The six complexes are East Briar Apartments, West Briar Apartments, Kensington Apartments, Beverly Gardens Apartments, Sertoma Hills Apartments and Sertoma Hills Villas.
The lawsuit alleges that the developers violated the Fair Housing Act by designing and building units that didn't accommodate the special needs of elderly and disabled tenants.
Defendants have not responded to the complaint.
Here is more on government intervention hurint housing development:
Federal banking regulations are making it difficult for some real estate developers in Sioux Falls to get loans despite the government's massive bank bailout meant to loosen stingy lines of credit.
The greater scrutiny over lending comes as the nation crawls out of an economic slowdown. It is crimping the vital construction sector in Sioux Falls.
The stricter rules went into place last year in response to reckless lenders in some markets who put too much of their portfolios into risky development loans. The national crisis in housing depressed values across the board and exposed those bad loans. Now federal regulators are trying to tighten the purse strings.

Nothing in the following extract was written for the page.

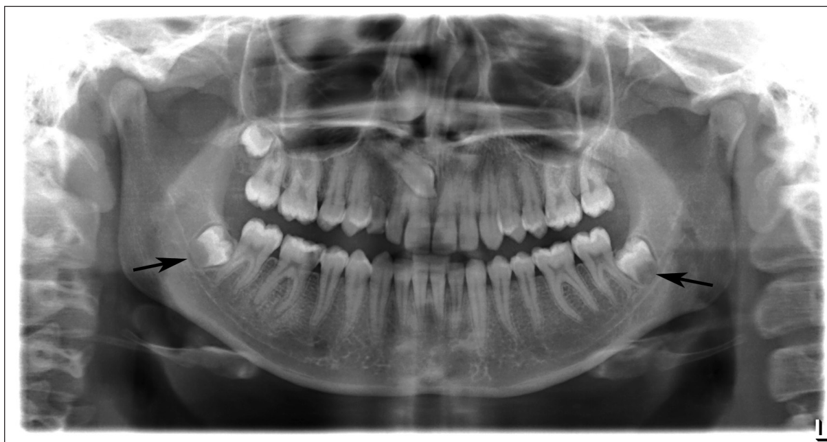
Figure 3. Apexogenesis and maturation stage of third molar teeth.

But critics say the policies are making it difficult to finance new projects and punishing prudent bankers and developers in places such as South Dakota with far fewer risky players. "Unfortunately, those regulations are national," said Jon Broek, the president of Equity Homes, a homebuilder in the Sioux Falls area. "They're clamping down on the Midwest when the Midwest didn't commit any sins." The tension between the intent of the government spending meant to jump-start the economy and the banking system's overseers worried about irresponsibility flared a few weeks ago in Congress. During hearings in the House of Representatives Financial Services Committee, small-business owners and others complained that banks had cut or eliminated credit lines. Bank examiners are scrutinizing loans in South Dakota, and in some cases they've forced banks to reappraise land and write down the value of assets. "They're coming in right now and changing all the terms of everything we've developed up to this point," said Darrel Viereck of Viereck Commercial Real Estate. Viereck has been unable to borrow money to develop raw land, and he said banks are demanding "cash calls" - advanced repayments on other loans. "The biggest developers in the city can't afford to play by those rules," he added.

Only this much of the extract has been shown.